> **Data items**

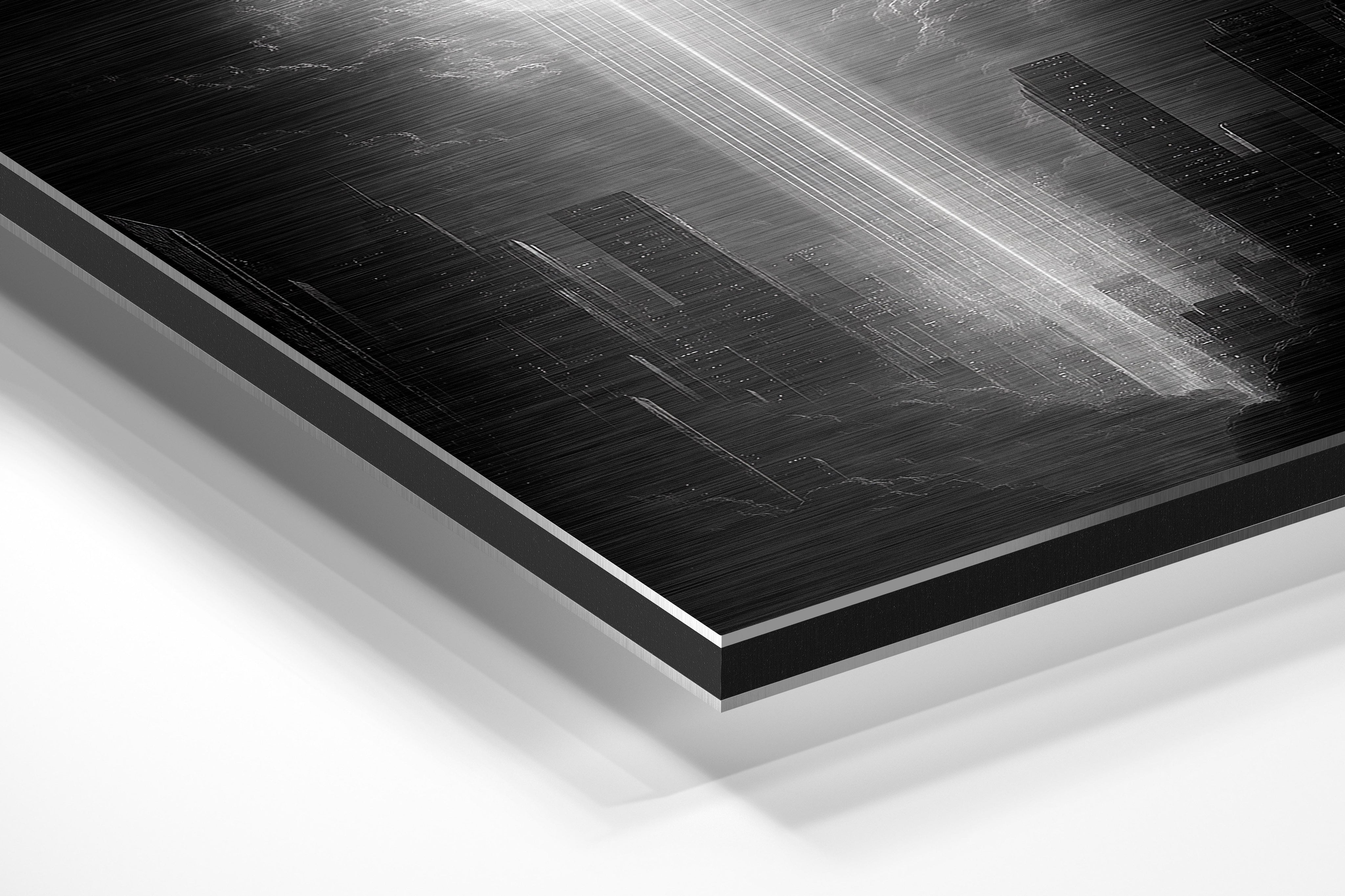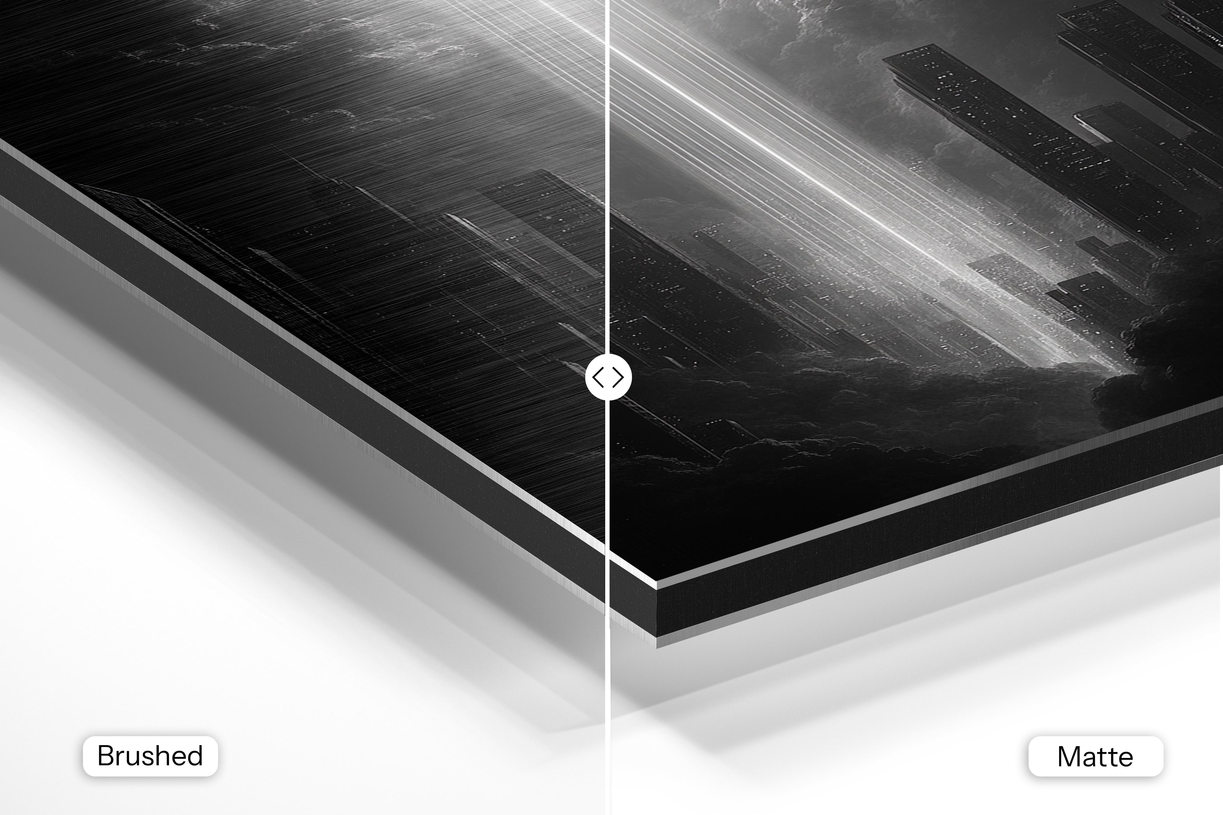 - Brushed Aluminum, on the other hand, features a raw metallic texture with visible brush strokes. Whites and highlights in your image let the silver surface show through, adding a dramatic, shimmering effect. Ideal for black-and-white images, minimalist designs, or abstract art, it creates a bold, industrial vibe with a modern edge.
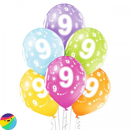 V paketu prejmete 6 balonov potiskanih s številko 9.
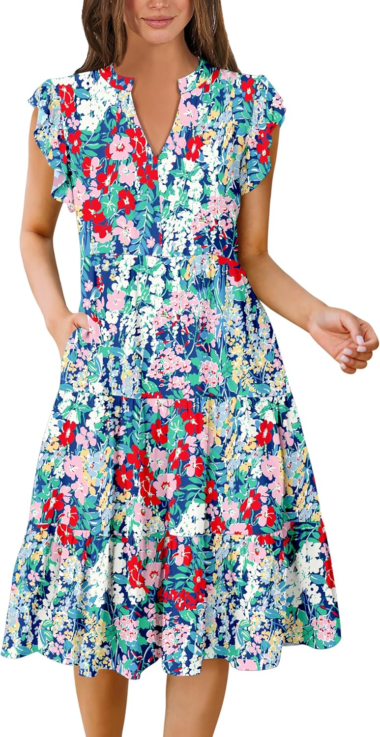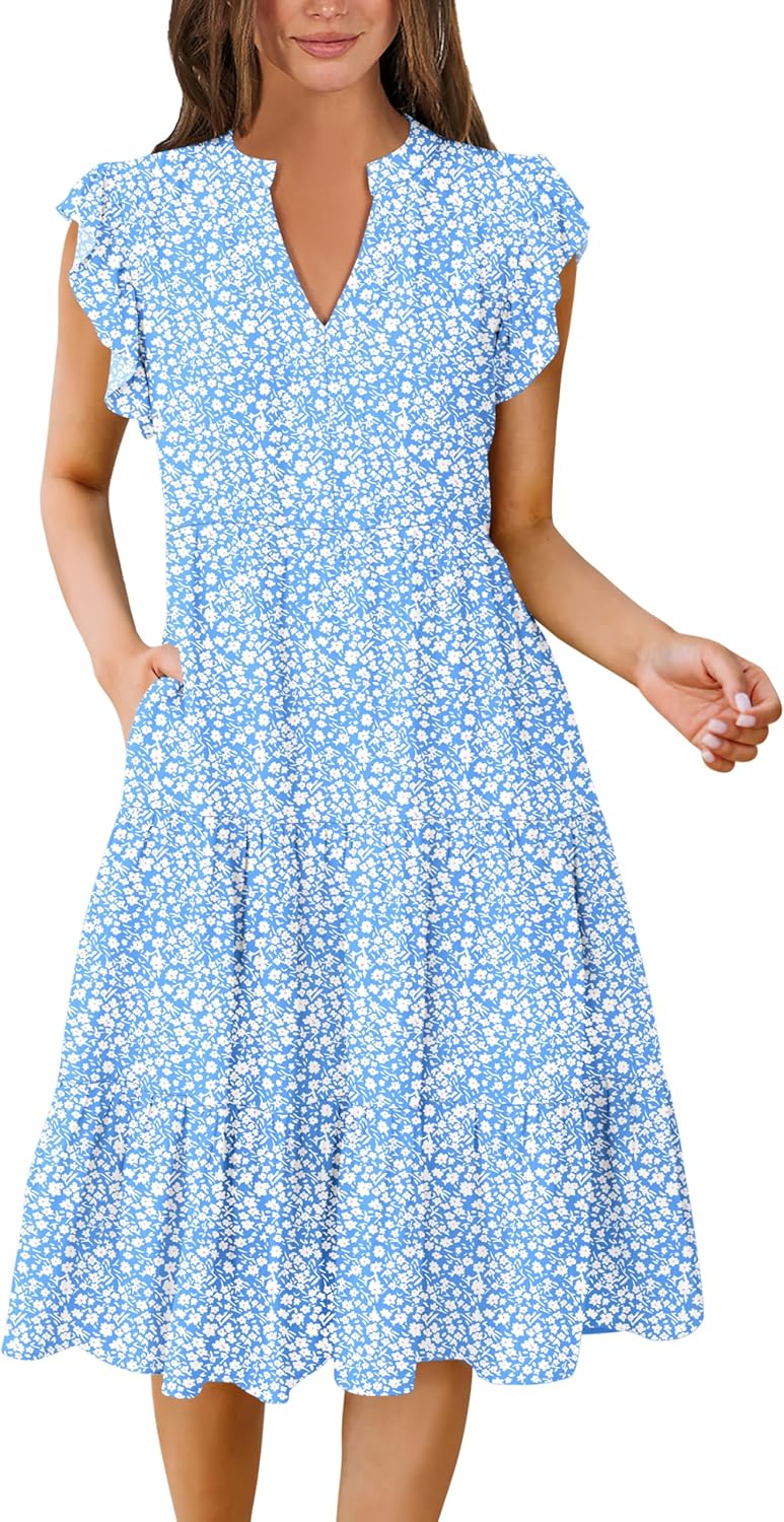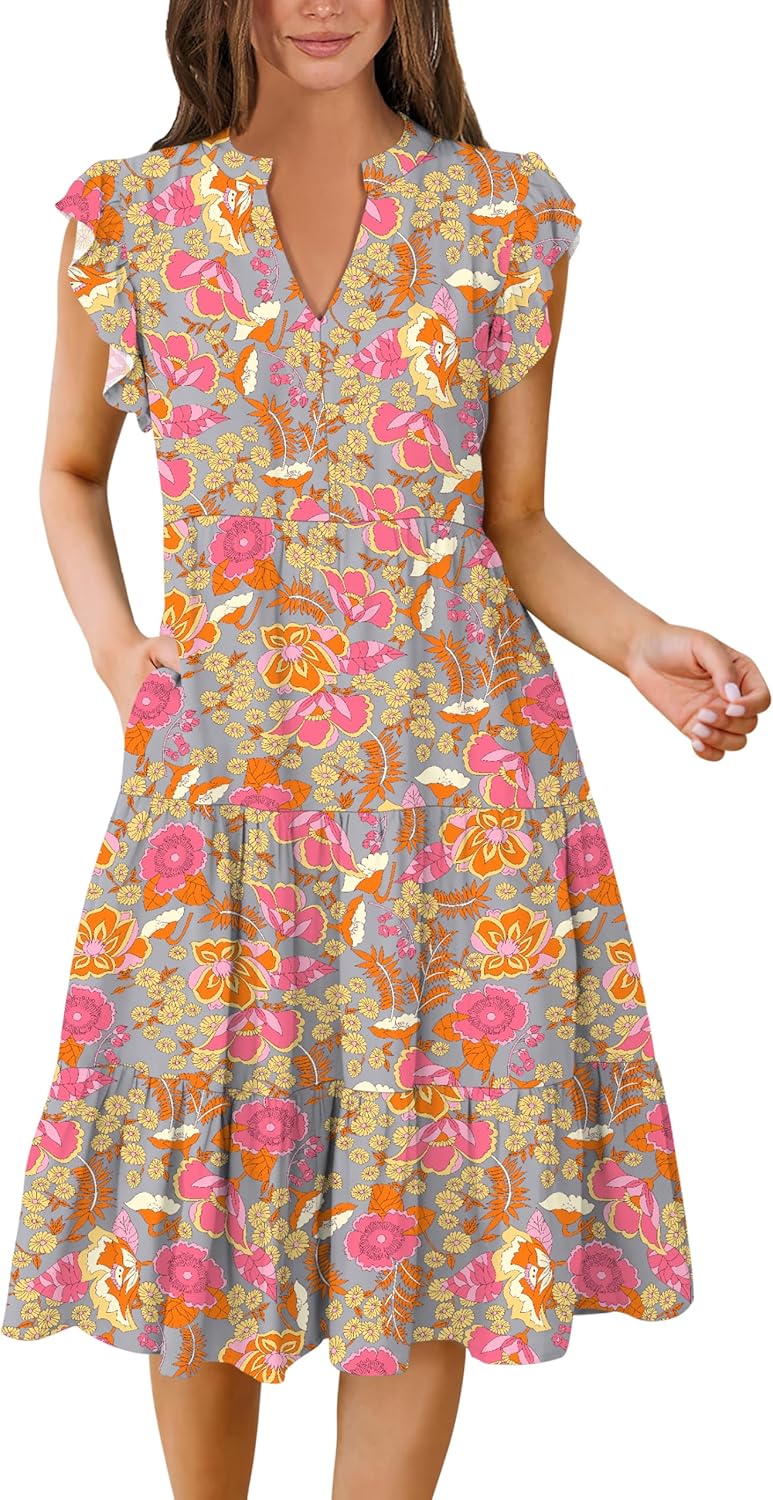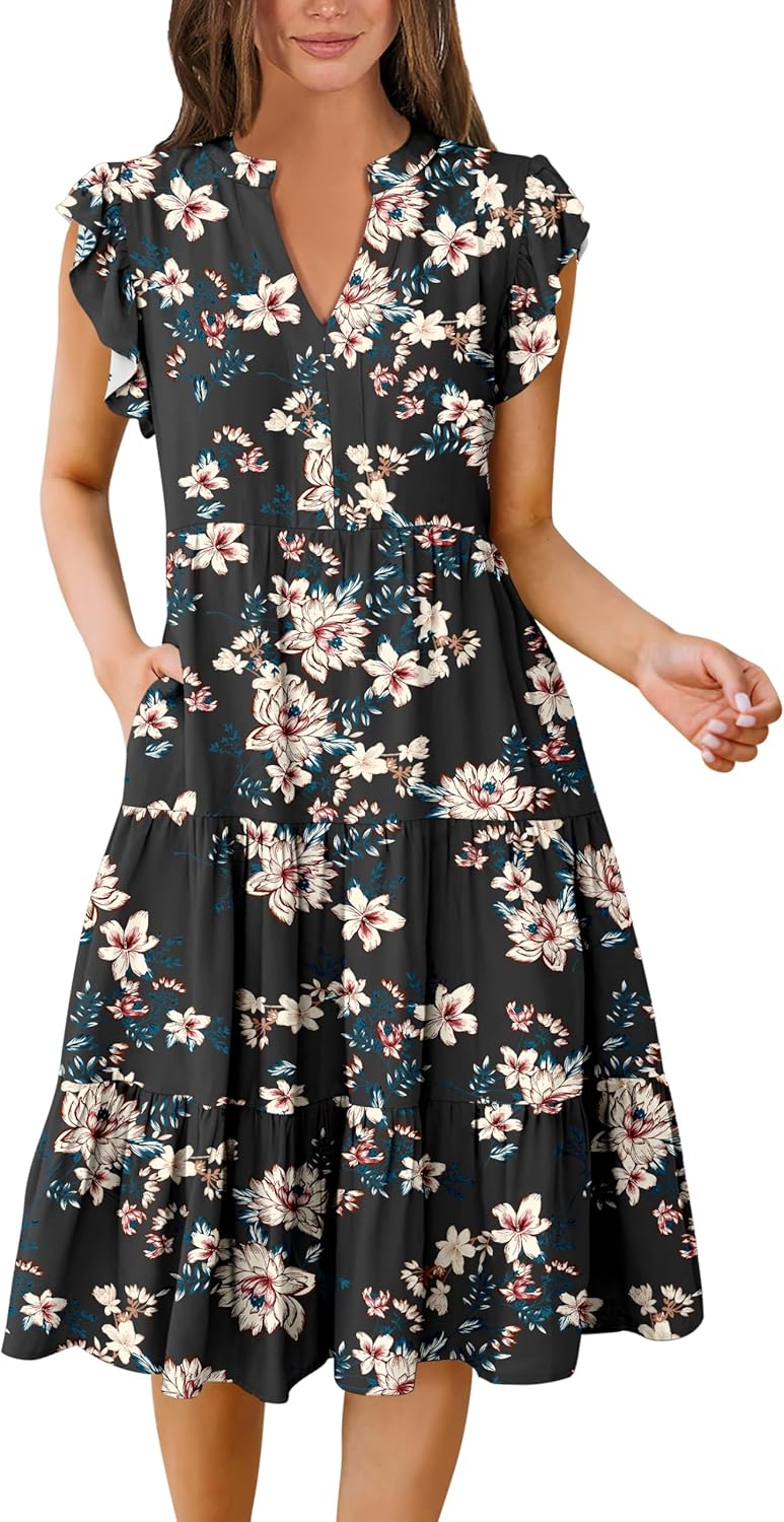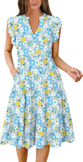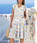 Ruffle Sleeve V Neck Fit Flowy Tiered Midi Dresses
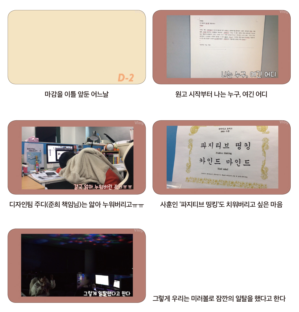 기자는 마감일지뿐만 아니라, 일상에서 담았던 좋아하는 소리들을 모아놓거나 동료들과 함께한 술자리를 찍어 재밌게 연출하기도 했다. 굳이, 널리 보여지지 않아도 자기만족 혹은 함께했던 사람들과의 추억을 쌓기 위해 말이다. 사진첩에 짤막하게 쌓아두었던 영상들을 꺼내 모아보는 것도 좋은 일이다. 그때의 추억들에 지금을 버틸 힘이 나기도 하니까.
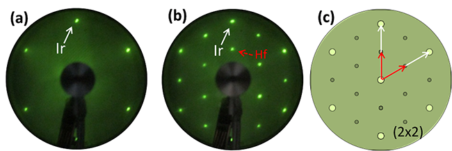 图1. Ir(111)表面铪烯形成前后的LEED图像:(a)干净基底,白色箭头标示的六个衍射点来源于Ir(111)表面的六重对称性;(b)样品沉积铪并经过退火处理,虚线箭头标示出了新产生的衍射点,表明铪层在Ir(111)表面形成了相对于基底格子的(2x2)超结构。(c)Ir(111)表面(2×2)超结构的理想LEED图像,实验图像b图与其完全一致,每组衍射点由白色和淡绿色圆斑分别标示。
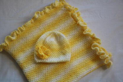 Ray of Sunshine Baby Blanket with Ruffle Hat.
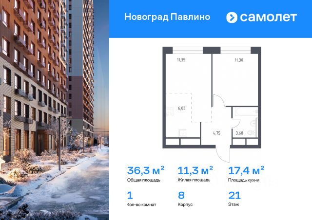 Строим кварталы для жизни с заботой о будущем. Предлагается 1-комнатная квартира комфорт-класса 36,5 кв.м в корпусе 8 на 20 этаже, в ЖК "Новоград Павлино" Квартира без отделки. Доступность опции "отделка" и возможность комплектации мебелью и декором уточняйте у застройщика. Приобрести квартиру возможно по специальным акциям от застройщика, с текущими условиями акций можно ознакомиться в блоке "Акций". Цена динамическая и может отличаться, уточняйте актуальность у застройщика. "Новоград Павлино" находится в 13 км от МКАД рядом с рекой Пехорка и в окружении трех лесопарков - Павлинского, Салтыковского и Ольгинского. Современные монолитно-кирпичные дома с широким выбором квартир. В жилом комплексе представлены разные планировки европейского формата с высотой потолков 2,8 м. 1-комнатная квартира в готовой новостройке в микрорайоне Новое Павлино в городе Балашиха.
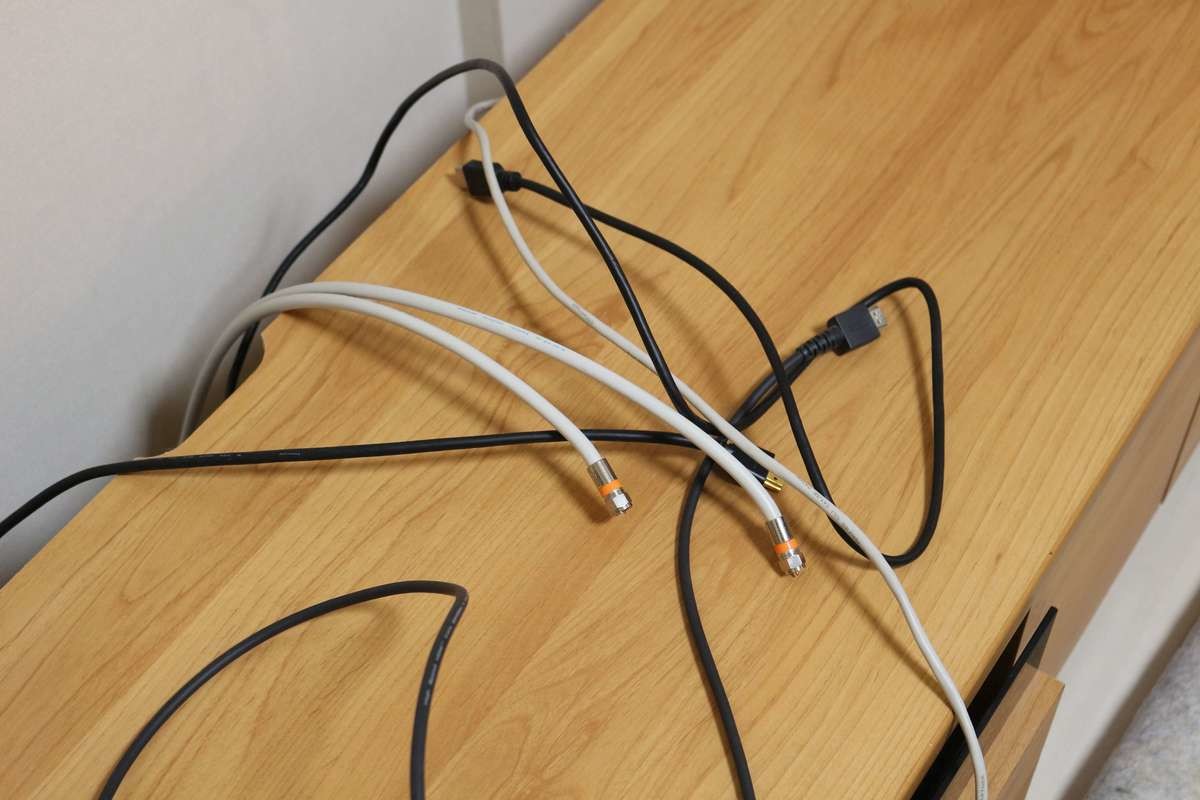 壁面のアンテナ口とテレビやレコーダーが近ければアンテナケーブルは短く(0.5m)細くで【2.5C】で十分です。
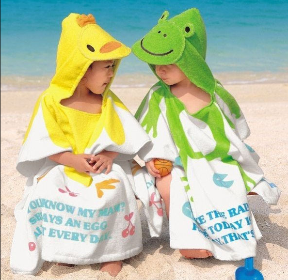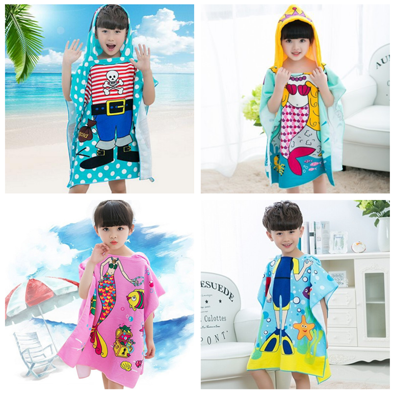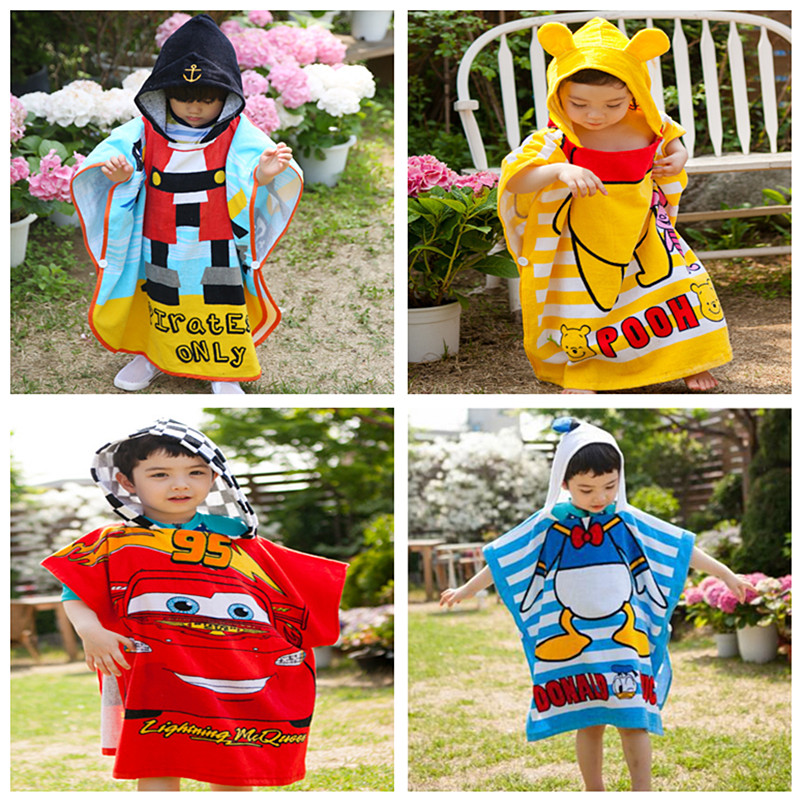 Children's bathrobe boys cotton towel absorbent bath towel swimming cartoon can wear girls hooded cape beach towel

> **Task prompt**
Work from the entries above. Set down exactly and only the lines from the line with "图1. Ir(111)表面铪" to the line with "Ray of Sunshine", both included, and leave the pictures out.

> **Task response**
 图1. Ir(111)表面铪烯形成前后的LEED图像:(a)干净基底,白色箭头标示的六个衍射点来源于Ir(111)表面的六重对称性;(b)样品沉积铪并经过退火处理,虚线箭头标示出了新产生的衍射点,表明铪层在Ir(111)表面形成了相对于基底格子的(2x2)超结构。(c)Ir(111)表面(2×2)超结构的理想LEED图像,实验图像b图与其完全一致,每组衍射点由白色和淡绿色圆斑分别标示。
 Ray of Sunshine Baby Blanket with Ruffle Hat.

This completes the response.